-------- Listed entries --------
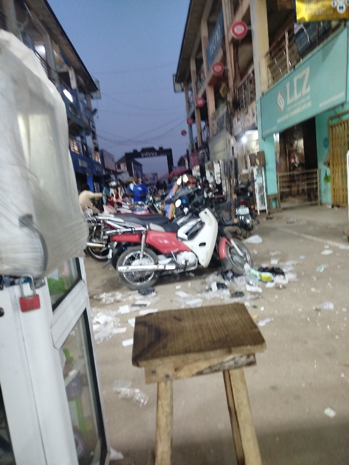 A bustling street scene shows a narrow road filled with litter and parked motorcycles. Buildings line both sides of the street, with signs and architectural details visible. A wooden stool occupies the foreground. A structure with "INFINIX" is visible in the distance. The sky is overcast, suggesting either dawn or dusk. Overall, it is a vivid snapshot of a busy urban thoroughfare.
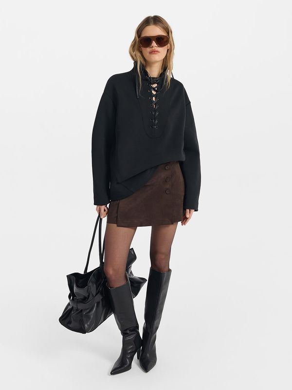- На модели размер 44. Крой модели соответствует стандартному размеру
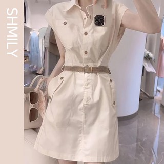 POMTOR 원피스 여성 칼라 셔츠원피스 허리 슬림 반팔 원피스
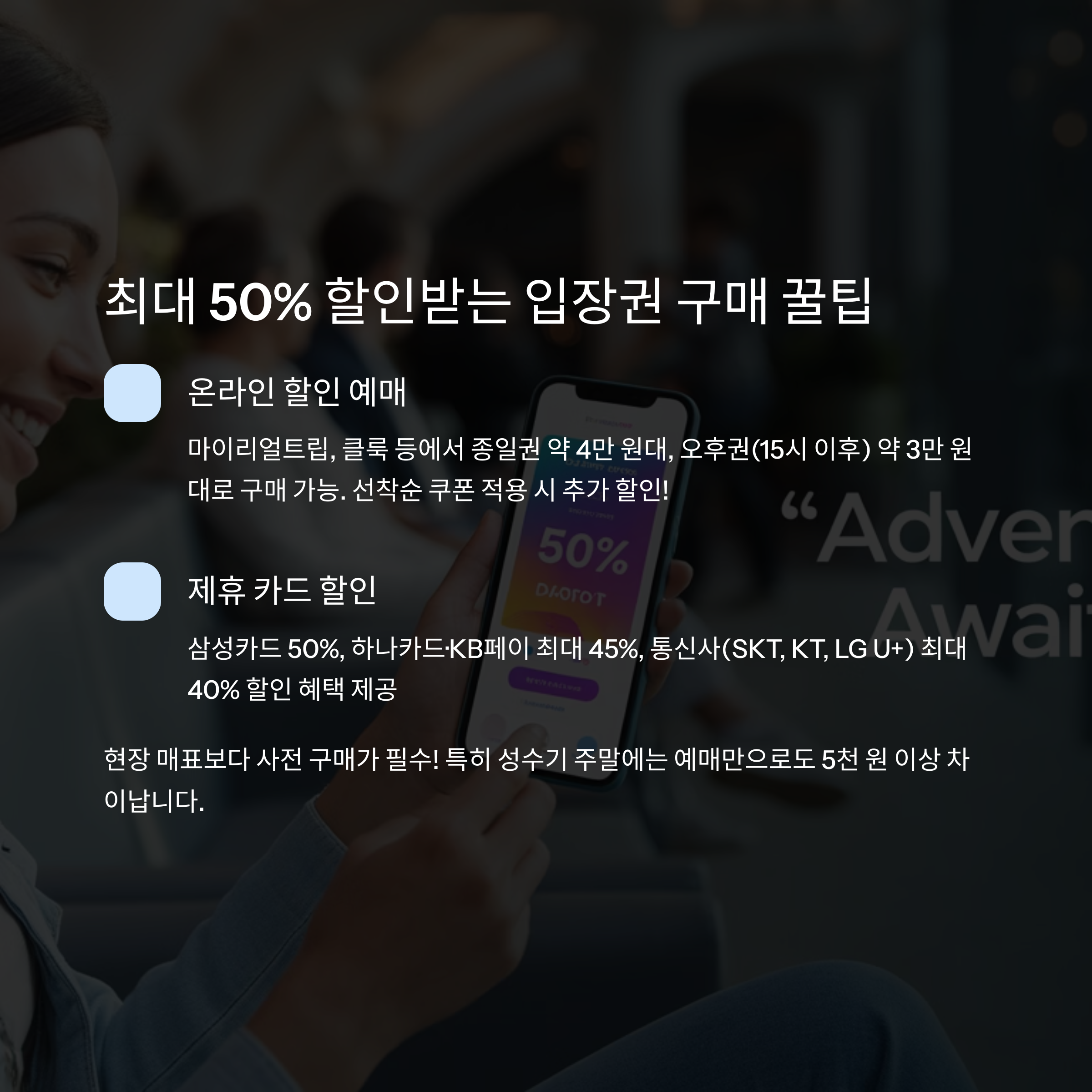 ※ 현장 매표보단 사전 구매 필수, 특히 성수기 주말엔 예매만으로도 5천 원 이상 차이 납니다.
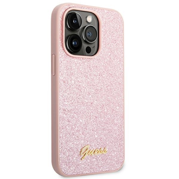 Guess GUHCP14LHGGSHP iPhone 14 Pro 6,1″ pink hard case Glitter Script
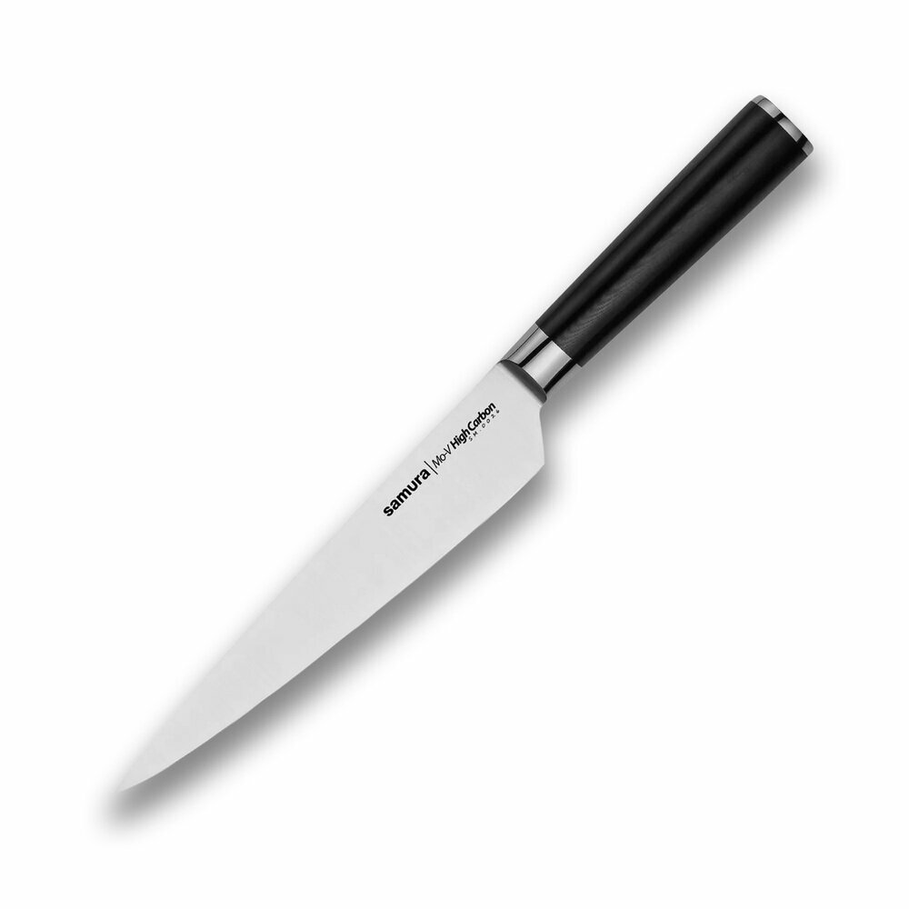 Отзывы на Нож кухонный универсальный из высокоуглеродистой нержавеющей стали, 19.2 см, композитная рукоять, черный, серия MO-V High Carbon, Samura, SM-0026/K
--------
## Aim of the task
Transcribe the material exactly, leaving every picture out.

## Answer for the task
 A bustling street scene shows a narrow road filled with litter and parked motorcycles. Buildings line both sides of the street, with signs and architectural details visible. A wooden stool occupies the foreground. A structure with "INFINIX" is visible in the distance. The sky is overcast, suggesting either dawn or dusk. Overall, it is a vivid snapshot of a busy urban thoroughfare.
- На модели размер 44. Крой модели соответствует стандартному размеру
 POMTOR 원피스 여성 칼라 셔츠원피스 허리 슬림 반팔 원피스
 ※ 현장 매표보단 사전 구매 필수, 특히 성수기 주말엔 예매만으로도 5천 원 이상 차이 납니다.
 Guess GUHCP14LHGGSHP iPhone 14 Pro 6,1″ pink hard case Glitter Script
 Отзывы на Нож кухонный универсальный из высокоуглеродистой нержавеющей стали, 19.2 см, композитная рукоять, черный, серия MO-V High Carbon, Samura, SM-0026/K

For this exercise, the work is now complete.